[Saved entries]
· · ·

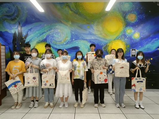 本次活动分为两大部分,户外素质拓展环节和室内手工创作环节。首先是户外素质拓展环节,同学们在主持人的带领下分别体验了“音乐鼓圈”和“桃花朵朵开”。在“音乐鼓圈”当中,同学们跟随着主持人的口令伴随着音乐,敲打着《我们都是追梦人》等一首首优美的歌曲,体验奥尔夫音乐教育的意义和有趣,在音乐中释放自己的心理压力。而在“桃花朵朵开”环节当中,伴随着主持人的口令,爽朗的笑声萦绕着活动现场。在接下来的手工创作环节当中,“信件盲盒”的体验让同学们感到十分新鲜,当收到来自于陌生人的祝福时,同学们无不感受到开心。接着是“手工帆布包”环节,一个个的空白帆布包,在同学们富有想象力的创造中,变为一件件妙趣横生、富有创造力的艺术品。
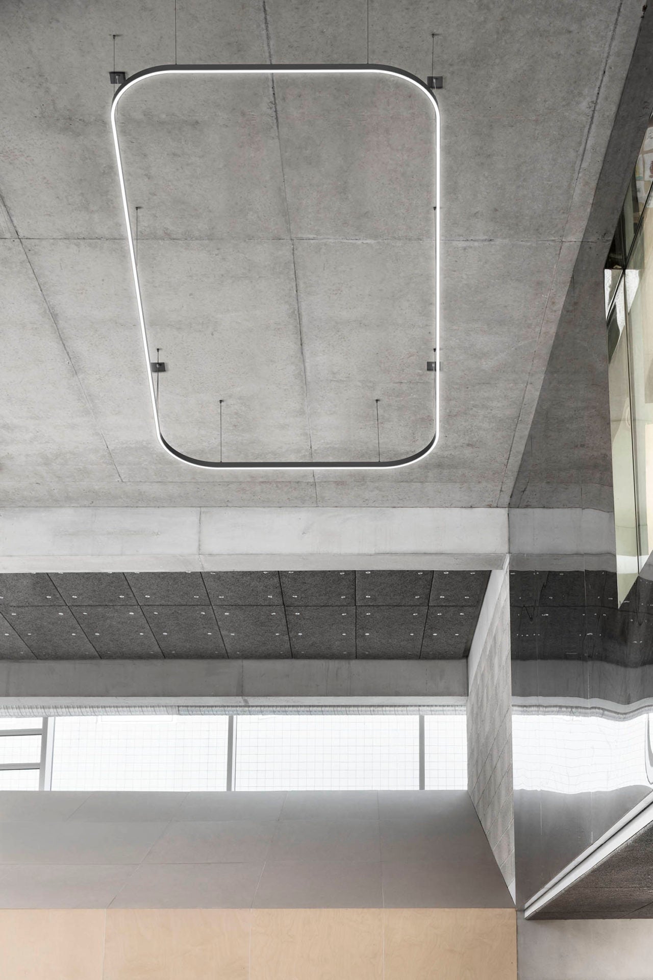 The ZIRKOL suspension lamp family evolves from the classic round luminaire into various shapes. It balances design and lighting, making it essential in architecture. Each model comes in different sizes and finishes, using a unified aluminum profile for a consistent aesthetic. Suitable for residential and public spaces, ZIRKOL offers single downlight or double uplight/downlight emission for optimal visual comfort. The new ZIRKOL ACOUSTIC pendant lamp combines lighting with acoustics, featuring a sound-absorbing circular panel covered in grey recycled polyester fabric for a comfortable atmosphere.
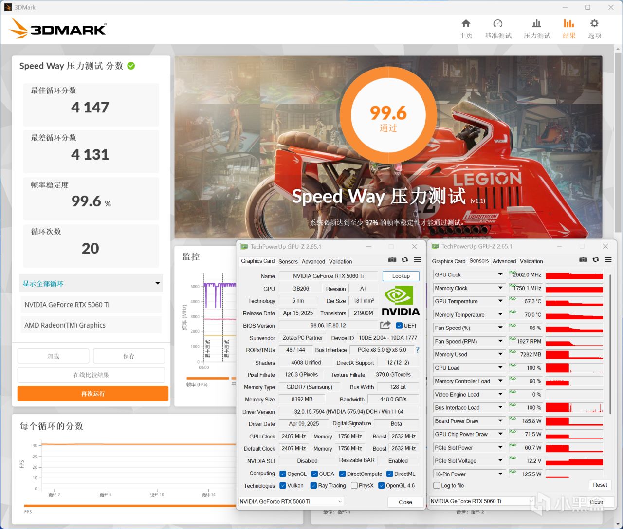 最後使用3DMARK Speed Way壓力測試驗證一下索泰RTX 5060 Ti XGAMING OC 8GB的散熱性能,這是一個涉及光追和光柵的高負載項目,最終通過穩定度達到了99.6%之高,GPU核心最高溫度爲67℃,顯存最高溫度70℃,風扇最高轉速1927 RPM,溫度表現還算不錯,滿載時噪聲感知也比較小的。
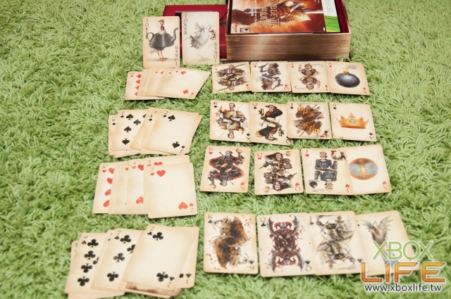 掀开书底、把抽屉打开,裡面是一副《神鬼寓言3》的扑克牌跟公会徽章一枚。徽章正反面的图示不同,上图是红色的邪恶面。
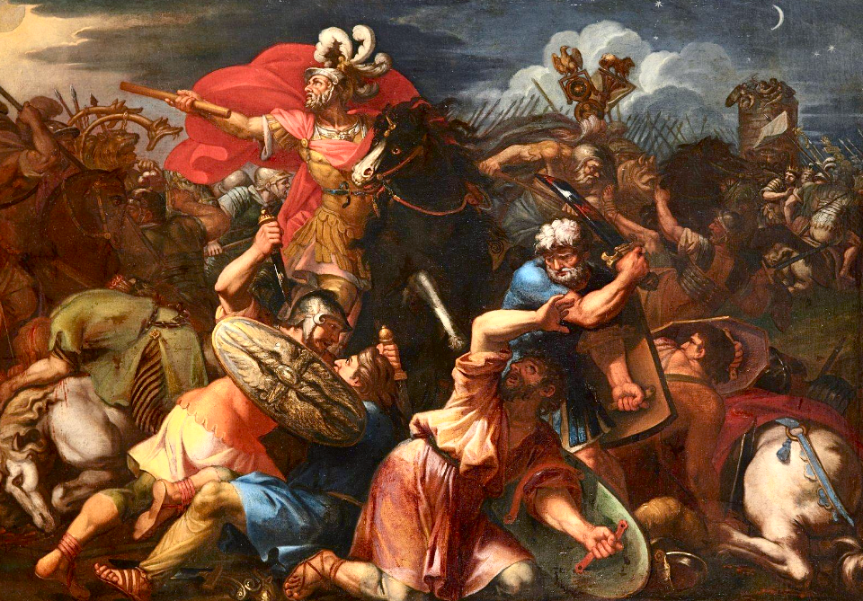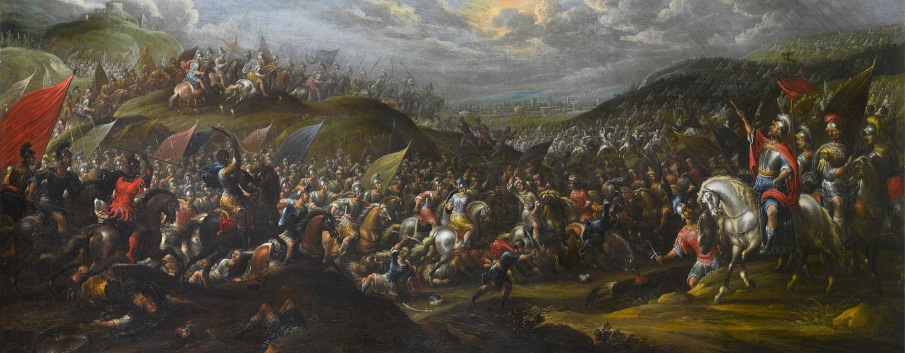 Nicolas Poussin (1624-26) és Francois Perrier (17. sz.) képein jól látható mindkét égitest a heves csatajelenetek felett.
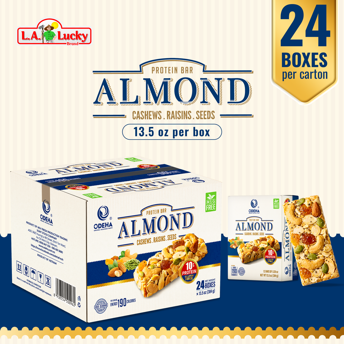 ODEHA Almond Protein Bar (High Protein Snack with Nuts & Seeds) - 12 Bars Box – Case of 24 Boxes
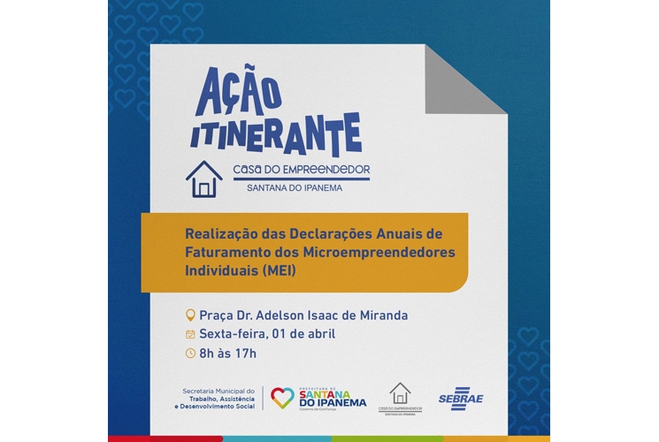 A Prefeitura de Santana do Ipanema, por meio da Casa do Empreendedor, promove nesta sexta-feira (1) uma ação itinerante na Praça Dr. Adelson Isaac de Miranda, das 8h às 17h, para a realização das Declarações Anuais de Faturamento dos Microempreendedores Individuais (MEI).
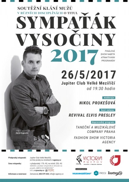 Sympaťák Vysočiny je celorepubliková soutěž pro muže od 17 let, kterou pořádá umělecká agentura Victoria Agency již druhým rokem. Nejde v ní o krásu, ale o sympatie a vtip. Z přihlášených vybere porota, jejímž předsedou bude opět velkomeziříčský starosta Radovan Necid, dvanáct finalistů, kteří se předvedou divákům na galavečeru v Jupiter clubu.
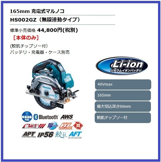 > マキタ 165mm 40Vmax 充電式マルノコ HS002GZ (青) [本体のみ]【無線連動対応】■安心のマキタ純正/新品/未使用■
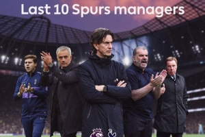 英超官方将热刺最近十任主帅的联赛带队成绩进行了对比,托马斯·弗兰克胜率26.92%垫底。
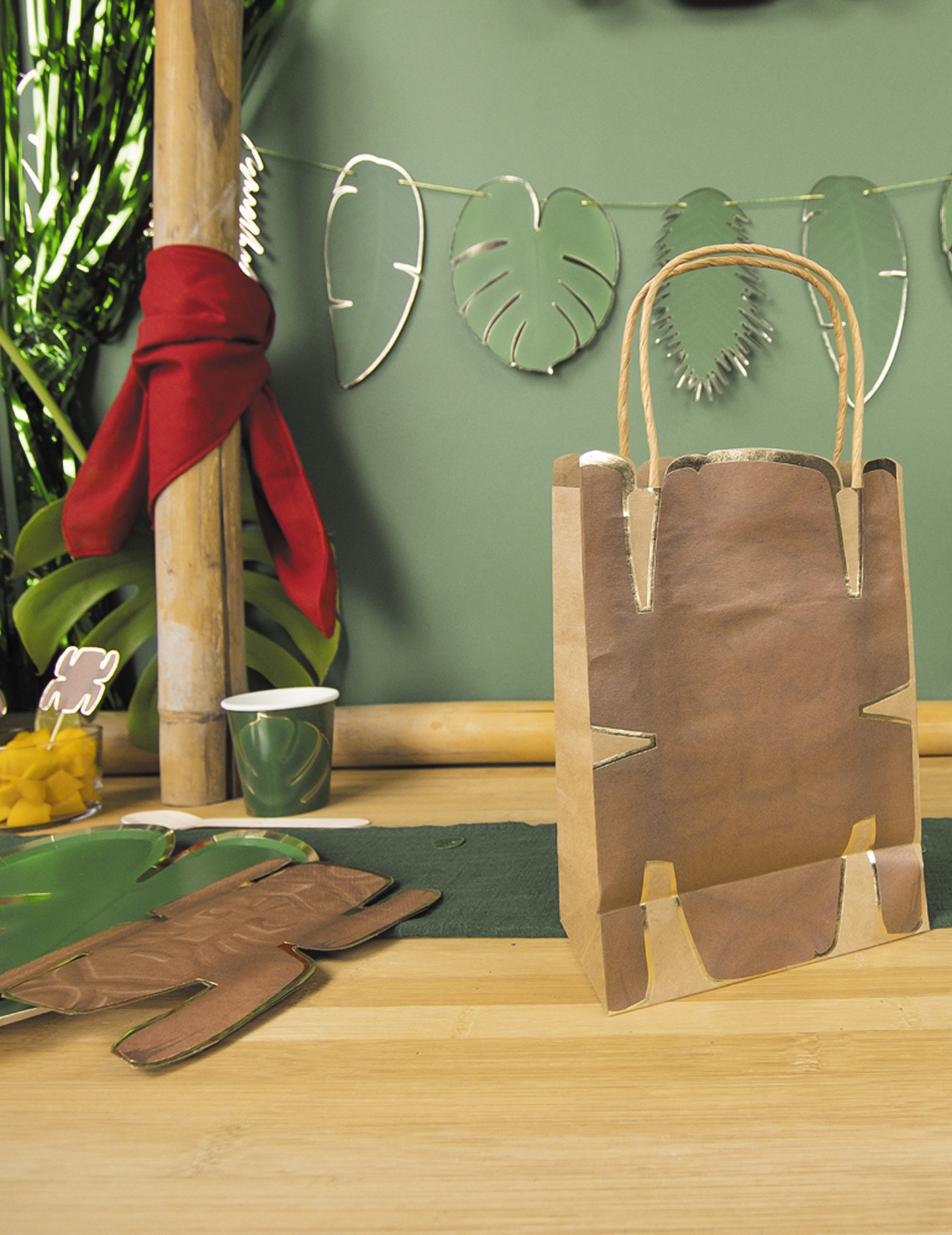 Tieto darčekové vrecká sa predávajú v dávke 4 a meria približne 28,5 cm x 8 cm x 15 cm. V papieri majú farbu kraft a majú hnedú a zlatú totemovú tlač. Sú vybavené 2 rukovätiami sú v Raphii. Tieto tašky budú perfektné na ponúkanie malých darčekov svojim priateľom pri príležitosti vašich narodenín!

· · ·

__What you need to do__. All of the entries need to be retyped word for word, pictures excluded.

__Answer box__.
 本次活动分为两大部分,户外素质拓展环节和室内手工创作环节。首先是户外素质拓展环节,同学们在主持人的带领下分别体验了“音乐鼓圈”和“桃花朵朵开”。在“音乐鼓圈”当中,同学们跟随着主持人的口令伴随着音乐,敲打着《我们都是追梦人》等一首首优美的歌曲,体验奥尔夫音乐教育的意义和有趣,在音乐中释放自己的心理压力。而在“桃花朵朵开”环节当中,伴随着主持人的口令,爽朗的笑声萦绕着活动现场。在接下来的手工创作环节当中,“信件盲盒”的体验让同学们感到十分新鲜,当收到来自于陌生人的祝福时,同学们无不感受到开心。接着是“手工帆布包”环节,一个个的空白帆布包,在同学们富有想象力的创造中,变为一件件妙趣横生、富有创造力的艺术品。
 The ZIRKOL suspension lamp family evolves from the classic round luminaire into various shapes. It balances design and lighting, making it essential in architecture. Each model comes in different sizes and finishes, using a unified aluminum profile for a consistent aesthetic. Suitable for residential and public spaces, ZIRKOL offers single downlight or double uplight/downlight emission for optimal visual comfort. The new ZIRKOL ACOUSTIC pendant lamp combines lighting with acoustics, featuring a sound-absorbing circular panel covered in grey recycled polyester fabric for a comfortable atmosphere.
 最後使用3DMARK Speed Way壓力測試驗證一下索泰RTX 5060 Ti XGAMING OC 8GB的散熱性能,這是一個涉及光追和光柵的高負載項目,最終通過穩定度達到了99.6%之高,GPU核心最高溫度爲67℃,顯存最高溫度70℃,風扇最高轉速1927 RPM,溫度表現還算不錯,滿載時噪聲感知也比較小的。
 掀开书底、把抽屉打开,裡面是一副《神鬼寓言3》的扑克牌跟公会徽章一枚。徽章正反面的图示不同,上图是红色的邪恶面。
 Nicolas Poussin (1624-26) és Francois Perrier (17. sz.) képein jól látható mindkét égitest a heves csatajelenetek felett.
 ODEHA Almond Protein Bar (High Protein Snack with Nuts & Seeds) - 12 Bars Box – Case of 24 Boxes
 A Prefeitura de Santana do Ipanema, por meio da Casa do Empreendedor, promove nesta sexta-feira (1) uma ação itinerante na Praça Dr. Adelson Isaac de Miranda, das 8h às 17h, para a realização das Declarações Anuais de Faturamento dos Microempreendedores Individuais (MEI).
 Sympaťák Vysočiny je celorepubliková soutěž pro muže od 17 let, kterou pořádá umělecká agentura Victoria Agency již druhým rokem. Nejde v ní o krásu, ale o sympatie a vtip. Z přihlášených vybere porota, jejímž předsedou bude opět velkomeziříčský starosta Radovan Necid, dvanáct finalistů, kteří se předvedou divákům na galavečeru v Jupiter clubu.
 > マキタ 165mm 40Vmax 充電式マルノコ HS002GZ (青) [本体のみ]【無線連動対応】■安心のマキタ純正/新品/未使用■
 英超官方将热刺最近十任主帅的联赛带队成绩进行了对比,托马斯·弗兰克胜率26.92%垫底。
 Tieto darčekové vrecká sa predávajú v dávke 4 a meria približne 28,5 cm x 8 cm x 15 cm. V papieri majú farbu kraft a majú hnedú a zlatú totemovú tlač. Sú vybavené 2 rukovätiami sú v Raphii. Tieto tašky budú perfektné na ponúkanie malých darčekov svojim priateľom pri príležitosti vašich narodenín!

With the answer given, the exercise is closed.